We consider a house (neighborhood) to be close to a school or hospital if the distance is lower than 0.50.

Hint:
- Write a function to calculate euclidean distance from each house (neighborhood) to the school and to the hospital.
- Divide your dataset into houses close and far from either a hospital or school.
- Choose the propper test and, with 5% significance, comment your findings.
 

# Alejandro's Function to calculate Euclidean distance
def euclidean_distance(x1, y1, x2, y2):
    return np.sqrt((x1 - x2)**2 + (y1 - y2)**2)

In [62]:
# functions Define function to compute distance from school
def school_dist(lat1, lon1):
    "This function takes provided latitudinal and longitudinal coordinates and computes their euclidean distance from a school whose position is (-118,37)."
    # Converts lat and lon to 'Cartesian coordinates' - ChatGPT recommended I do this. 
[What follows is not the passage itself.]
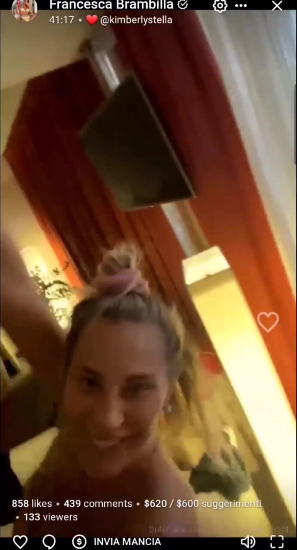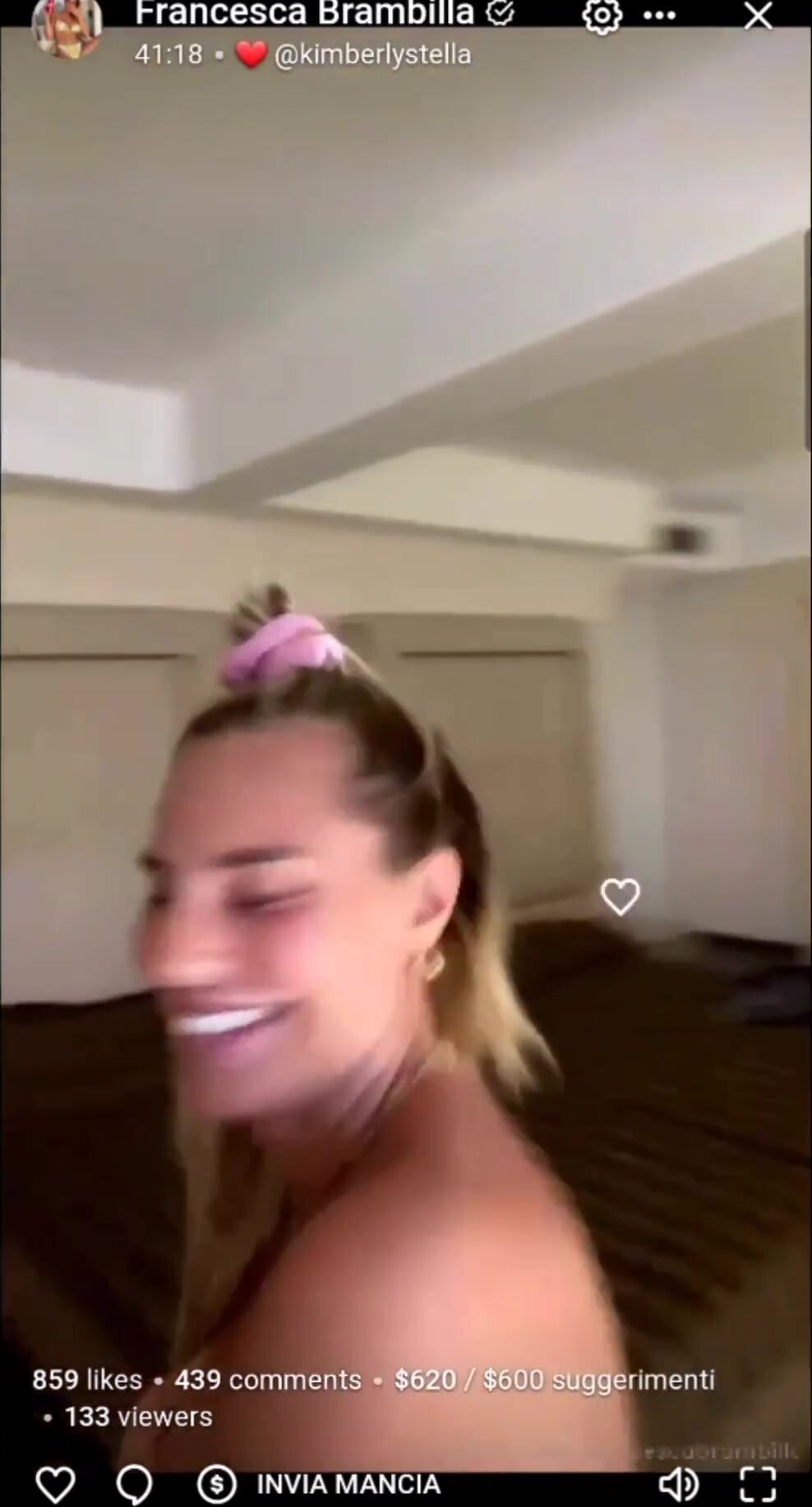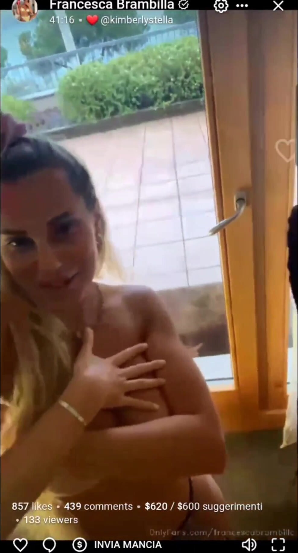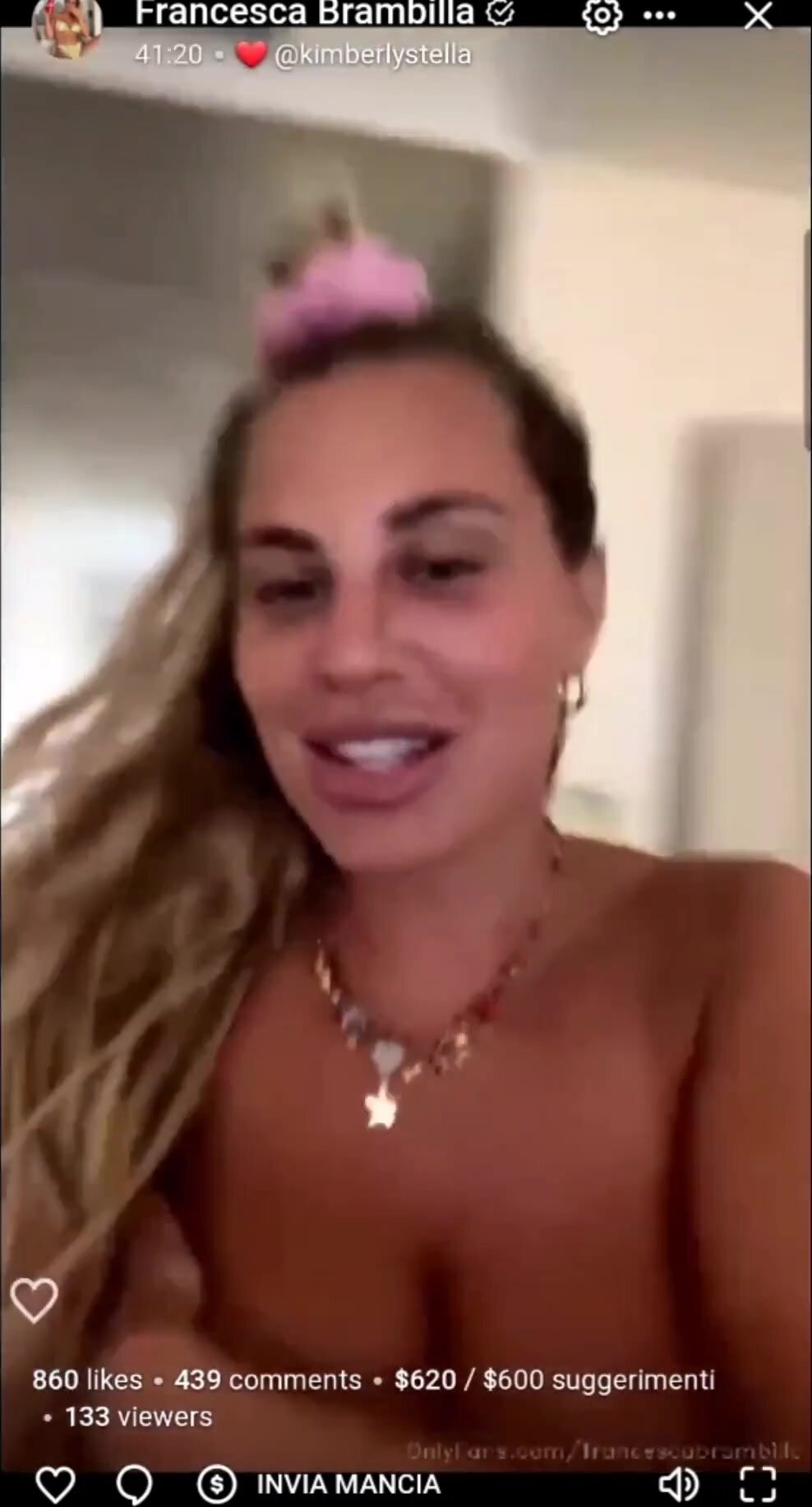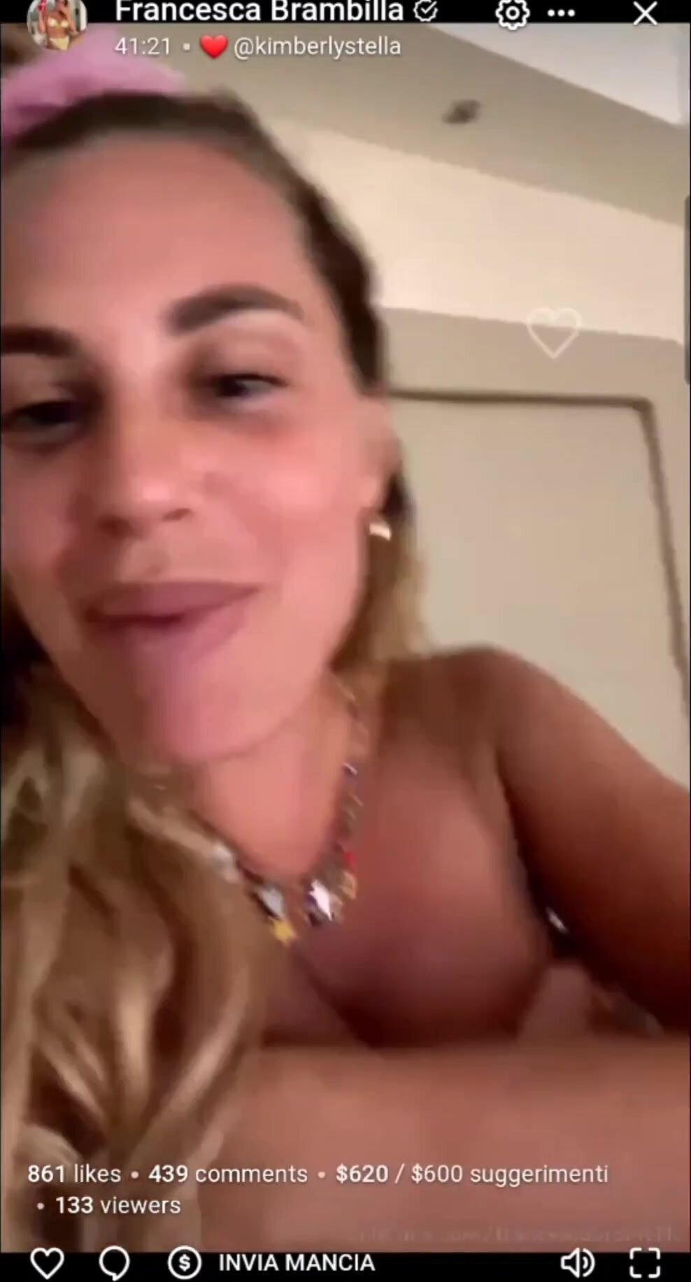 Francesca in diretta of mostra il suo seno ai fan per farli eccitare
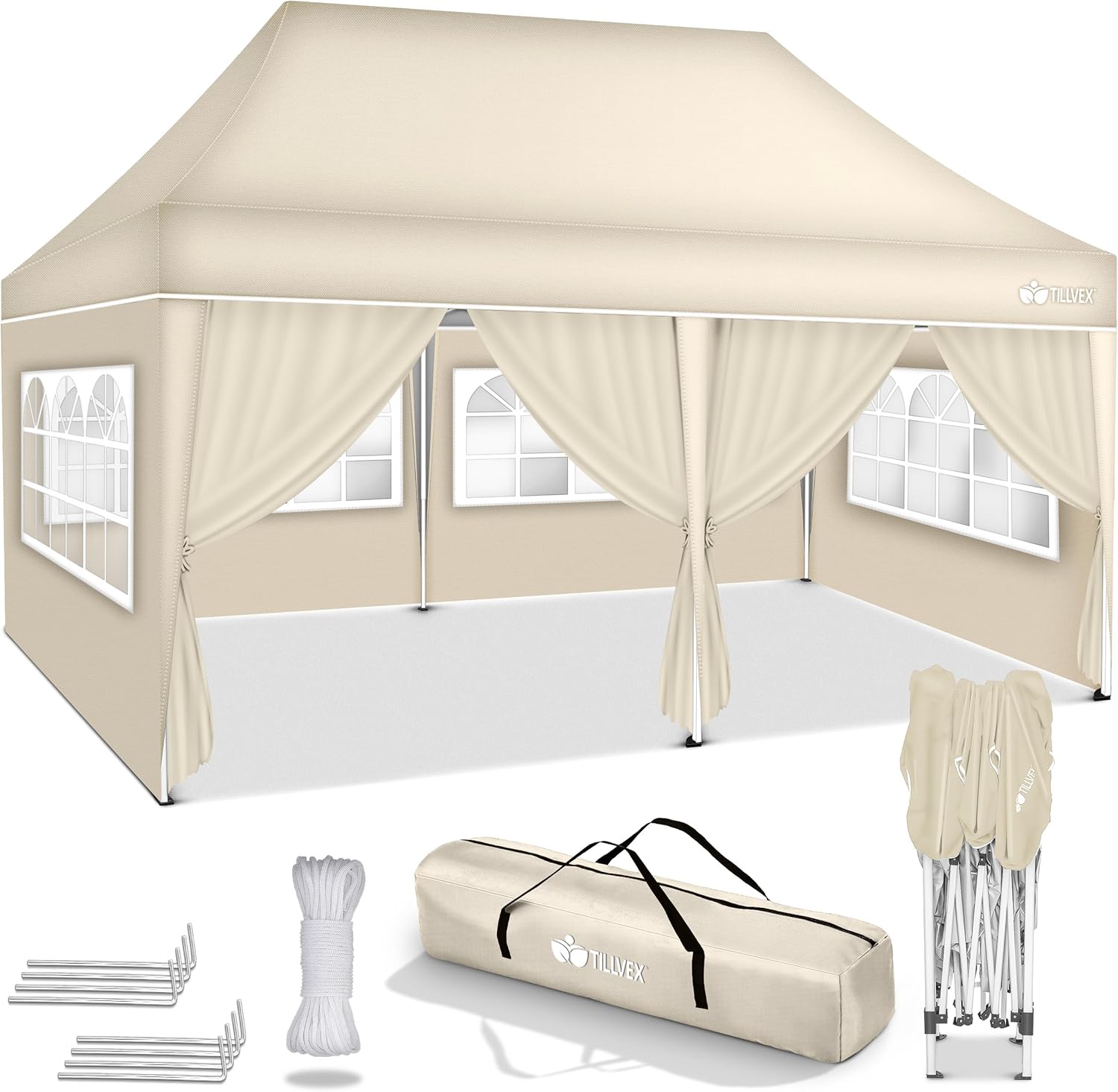 Gazebo tillvex 3x6 m pieghevole regolabile in altezza con tenda pop-up impermeabile UV 50+ e 6 pannelli laterali (beige)

    x1 = lon1 * np.cos(lat1)
    y1 = lat1
    school_lon = -118 * np.cos(37)  # uses longitude and latitude provided for school location data
    school_lat = 37                 # uses latitude provided for school location data

    # Computes euclidean distance from a given latitude and longitude to the school. 
    distance = np.sqrt((x1 - school_lon)**2 + (y1 - school_lat)**2)
    return distance

In [63]:
# Define function to compute distance from hospital
def hosp_dist(lat1, lon1):
    "This function takes provided latitudinal and longitudinal coordinates and computes their euclidean distance from a hospital whose position is (-122,34)."
    # Converts lat and lon to 'Cartesian coordinates' - ChatGPT recommended I do this. 

    x1 = lon1 * np.cos(lat1)
    y1 = lat1
    hosp_lon = -122 * np.cos(34)  # uses longitude and latitude provided for school location data
    hosp_lat = 34                 # uses latitude provided for school location data

    # Computes euclidean distance from a given latitude and longitude to the school. 
    distance = np.sqrt((x1 -hosp_lon)**2 + (y1 - hosp_lat)**2)

    return distance

In [64]:
# Creates a new column in df that contains each house's euclidean distance from the school. 

df['school_dist'] = school_dist(df['latitude'],df['longitude'])

close_school = df[df['school_dist']<0.5]

In [65]:
# Creates a new column in df that contains each house's euclidean distance from the hospital. 

df['hosp_dist'] = hosp_dist(df['latitude'],df['longitude'])

close_hosp = df[df['hosp_dist']<0.5]

In [68]:
# Creates subsets of data based on nearness to the school or hospital. 

close_house = df[(df['hosp_dist']<0.5) | (df['school_dist']<0.5)]['median_house_value']

far_house = df[(df['hosp_dist']>0.5) & (df['school_dist']>0.5)]['median_house_value']

In [69]:
# Runs a two sample t-test comparing prices of houses close to either the school or hospital with houses that are not close to either. 

# We assume that the variance of house prices in both categories is nearly equal because we have no indication that houses close to either or far from both bear any different qualities from each other. 

stat, p_value = st.ttest_ind(close_house,far_house)

print("Stat:", stat, " p_value:", p_value)

if p_value < 0.05:
    print("Reject null hypothesis. There is a statistically significant difference in house prices between houses close to either the hospital or the school and houses that are close to neither.")
else:
    print("Fail to reject the null. We find no statistically significant difference between houses close to either the school or the hospital and houses that are close to neither.")
if stat > 0:
    print("Houses close to either the school or the hospital are more expensive than houses that are not.")
else:
    print("Houses close to either the school or the hospital are less expensive than houses that are not.")

Stat: 2.190010046812842  p_value: 0.02853704837377385
Reject null hypothesis. There is a statistically significant difference in house prices between houses close to either the hospital or the school and houses that are close to neither.
Houses close to either the school or the hospital are more expensive than houses that are not.